(Calvary Chapel Bible Fellowship)
There are 28 square miles in Riverside County, California where Churches and worship centers are banned. Hotels, resorts, restaurants, conference centers, and even wedding chapels can be built there, just not churches or synagogues.
Calvary Chapel Bible Fellowship bought land and built a worship center located in the ‘Temecula Wine Country’ before the current zoning restrictions. Not only have churches now been banned from the Wine Country community but ‘Calvary Wine Country,’ as the church is now called, has weathered at least one legal effort to get them kicked out of their own property. Also their growing congregation needs a larger facility but the county will not give them approval to expand on their own property without legal action. Here’s the story from Charisma News:
Calvary Chapel Bible Fellowship filed a complaint in federal court against the County of Riverside, California, based on the United States Constitution and the Religious Land Use and Institutionalized Person’s Act of 2000. …
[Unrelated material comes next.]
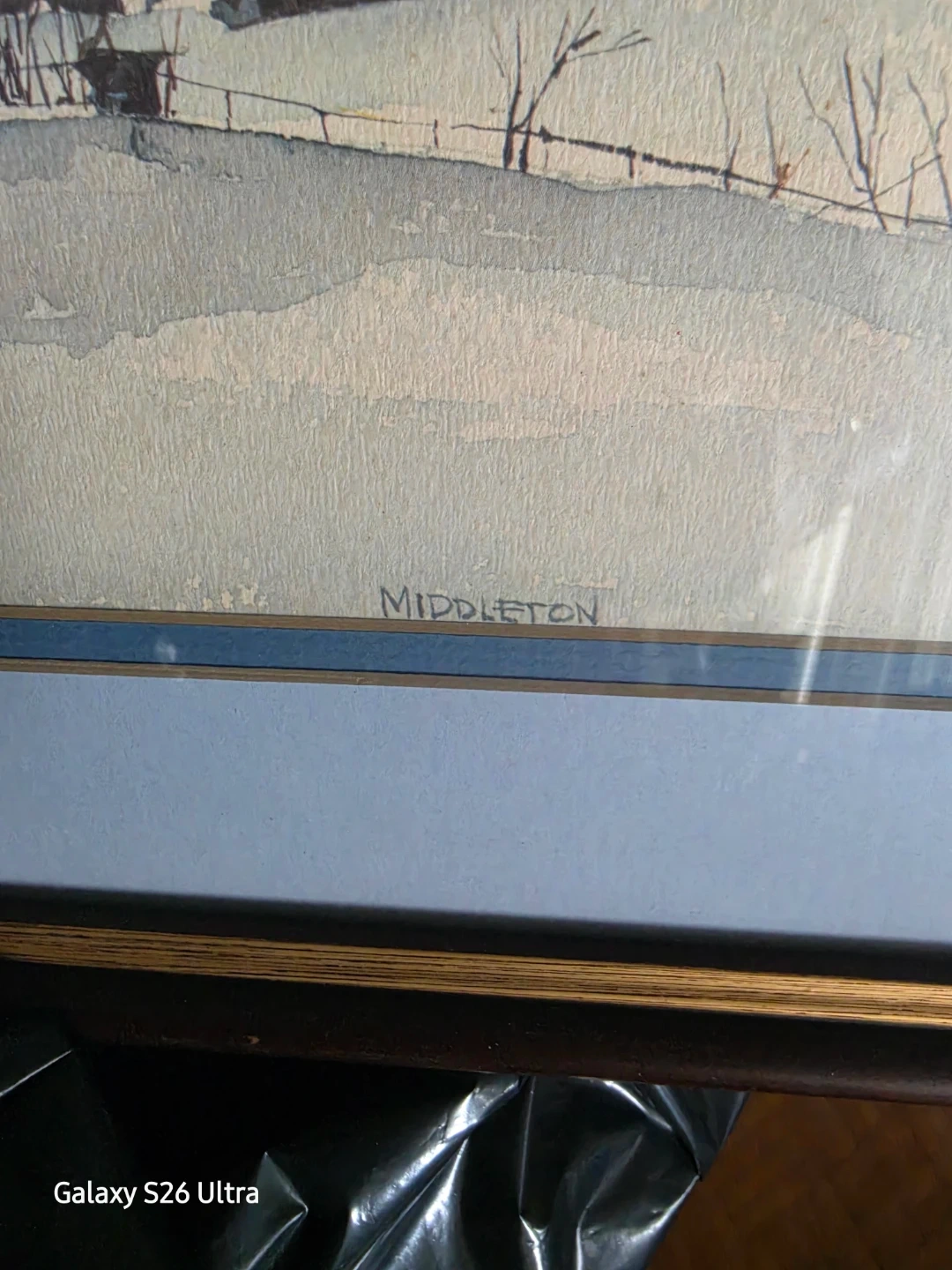 Framed Winter Landscape Watercolor Painting by Middleton

"This is a classic case for the federal religious land use law that protects churches and requires that zoning authorities treat religious assemblies on equal terms to other nonreligious assemblies,"
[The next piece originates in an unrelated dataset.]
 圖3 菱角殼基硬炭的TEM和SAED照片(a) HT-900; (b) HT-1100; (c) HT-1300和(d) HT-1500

said Robert Tyler, managing partner of Tyler & Bursch, LLP and counsel for Calvary Wine Country. He further commented,
"Calvary Wine Country has long desired to just be a good neighbor, to work cooperatively with the county and to provide a place of worship for the thousands of residents that live in the Wine Country."
<Read the whole article>
Response: Make no mistake, this is not just a problem in California, churches are being zoned out of many cities across America. We have addressed this issue on numerous occasions. Churches are having a difficult time getting approval to build on land in many different cities and states. In several instances churches have even had their property taken away from them through eminent domain. In one case so a Costco could build a store on it. In another case, a church agreed to pay a California city $20,000/mo. to offset the loss of tax revenue and to receive city permission to build on their property. A terrible precedence. Zoning has even been used on a number of occasions to shut down home Bible study groups in California and in Arizona.
Churches used to be looked upon as a necessary cultural and moral asset for society but now increasingly local authorities are more concerned about their tax base and the lack of potential revenue coming from worship centers.
In South Orange County CA where I lived for nearly 30 years, churches have had a difficult time finding property and getting permission to build. These were originally ‘planned communities’ that only provided a few lots for mainline denominations to build on. The majority of congregations there are still worshiping in rented halls, schools, or warehouses. There is no official ban against churches like Riverside has in wine country but nevertheless it is nearly impossible to get property rezoned for churches.